Posts Tagged ‘Tsinghua University’

Power Bits: April 24

Tuesday, April 24th, 2012

Building a More Efficient Solar Cell Electrode

Forests of carbon nanotubes have been found to be an efficient alternative for platinum electrodes in dye-sensitized solar cells (DSC), according to research collaboration by Rice University and Tsinghua University. According to Jun Lou, a materials scientist at Rice, the single-wall nanotube arrays (http://news.rice.edu/2012/04/17/nanotube-electrodes-improve-solar-cells/) —grown in a process invented at Rice—are both much more electroactive and potentially less expensive than platinum, a common catalyst in DSCs.

The combination of these nanotube arrays and newly developed sulfide electrolytes synthesized at Tsinghua could lead to more efficient and robust solar cells at a fraction of the current cost for traditional silicon-based solar cells. The work by Lou and co-lead investigator Hong Lin, a professor of materials science and engineering at Tsinghua, is detailed here.
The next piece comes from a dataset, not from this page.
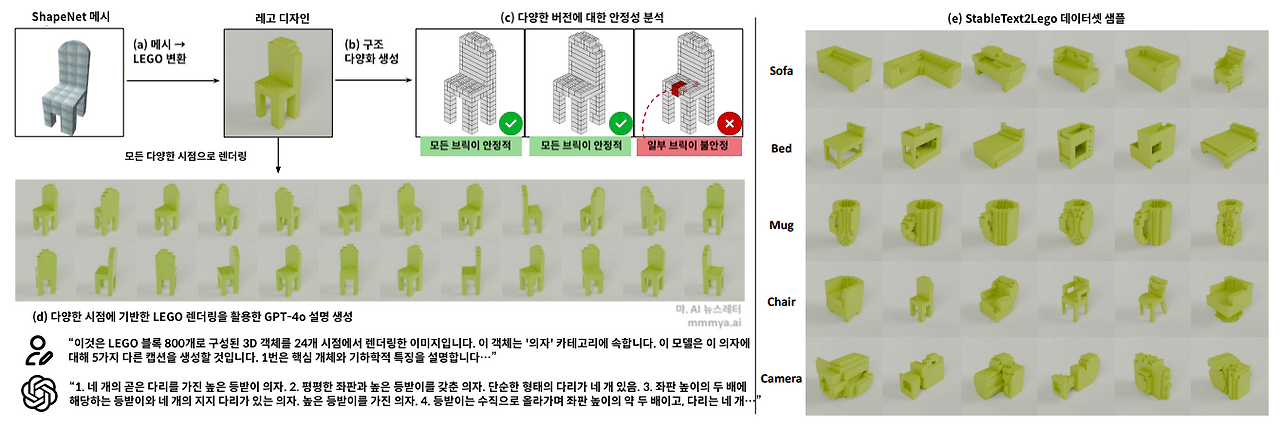 - ShapeNetCore์ ํฌํจ๋ 3D ๊ฐ์ฒด ๋ฐ์ดํฐ๋ฅผ 20ร20ร20 ๊ท๊ฒฉ์ ๋ง๋ ๋ ๊ณ ๋ธ๋ฆญ์ผ๋ก ๋ฐ๊พธ๋ โlegolizationโ ๊ณผ์ ์ ๊ฑฐ์น๋ค(a). ์ด ๊ณผ์ ์ ํตํด ์์ ๋ก์ด 3D ๋ชจ๋ธ์ ๋ ๊ณ ์ฒ๋ผ ๊ท๊ฒฉํ๋ ๋ธ๋ฆญ ๊ตฌ์กฐ๋ก ๋ฐ๋๋ฉฐ, ๋ธ๋ฆญ์ ํฌ๊ธฐ์ ๋ฐฉํฅ๊น์ง ํจ๊ป ๊ฒฐ์ ๋๋ค(b).

Based on the technology the universities built working solar cells with similar results and achieved a power conversion efficiency of 5.25%—lower than the DSC record of 11% with iodine electrolytes a platinum electrode, but significantly higher a control that combined the new electrolyte with a traditional platinum counter electrode. Resistance between the new electrolyte and counter electrode is “the lowest we’ve ever seen,” Lou said.

Arrays of vertically aligned single-walled carbon nanotubes (VASWCNTs) grown at Rice University are key to making better and cheaper dye-sensitized solar cells, an alternative to more expensive silicon solar cells. The arrays are transferred to conducting glass, topped with a second electrode of titanium oxide and surrounded by iodine-free electrolyte developed at Tsinghua University. (Source: Rice University)

Ferroelectric Fanfare

While some materials naturally do what researchers want them to do—such as semiconducting silicon found in almost every electronic device—sometimes naturally occurring materials need a little nudge. In the case of recent Cornell University research, some materials need a twist to make them useful.
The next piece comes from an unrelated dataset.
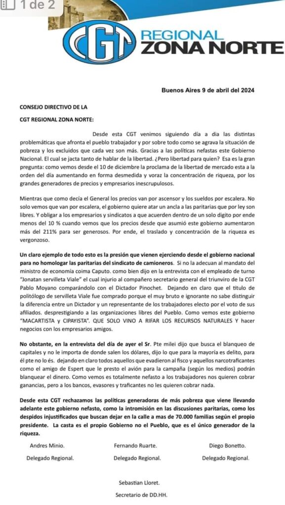 Desde el Consejo Directivo de la CGT Regional Zona Norte, rechazamos enérgicamente las políticas que generan más pobreza y que este gobierno nefasto está llevando adelante. No podemos permitir la intromisión en las discusiones paritarias ni los despidos injustificados que amenazan con dejar en la calle a más de 70,000 familias, según las propias declaraciones del presidente. La verdadera casta está representada por este gobierno, no por el pueblo, que es el verdadero generador de la riqueza.

Craig Fennie, assistant professor of applied and engineering physics at Cornell and James Rondinelli from Drexel University have published a method for turning a class of ceramic materials called perovskites into a material that is ferroelectric, which means that the spontaneous electric polarization can be flipped by applying a small electric field.

This material could be useful for low-power memory and switching devices although traditional ferroelectric mechanisms are often chemically incompatible with such phenomena as ferromagnetism, limiting their use in new types of multifunctional devices.
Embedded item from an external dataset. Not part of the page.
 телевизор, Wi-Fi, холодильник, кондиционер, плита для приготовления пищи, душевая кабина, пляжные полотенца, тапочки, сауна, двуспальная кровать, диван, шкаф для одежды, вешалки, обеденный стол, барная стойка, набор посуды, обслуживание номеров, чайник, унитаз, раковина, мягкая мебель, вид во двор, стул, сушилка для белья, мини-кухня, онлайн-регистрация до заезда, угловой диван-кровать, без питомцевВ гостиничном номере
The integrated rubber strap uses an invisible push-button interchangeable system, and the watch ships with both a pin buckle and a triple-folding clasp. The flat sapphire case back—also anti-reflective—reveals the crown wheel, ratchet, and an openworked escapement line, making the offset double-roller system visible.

Electronic structure calculations based on density functional theory have uncovered a novel mechanism for inducing ferroelectric polarizations in ordered perovskites. Researchers from Cornell and Drexel have outlined a materials selection strategy for designing this behavior. The guidelines are based on the octahedral rotations found in the two constituent oxides and the way the perovskite building blocks are interwoven to form the superlattice. (Source: Cornell)

The researchers engineered electric polarizations are the result of stacking chemically different perovskites into atomically thin striped-patterns, which allow their normal rotational patterns to induce ferroelectricity.

“In the past, those rotations and tilts didn’t do anything, but by combining them in this way, they can be coupled to an electric field through polarization,” Fennie said. “This is the first step in the broad field of using rotations that couple to an applied electric field to control the properties of materials.”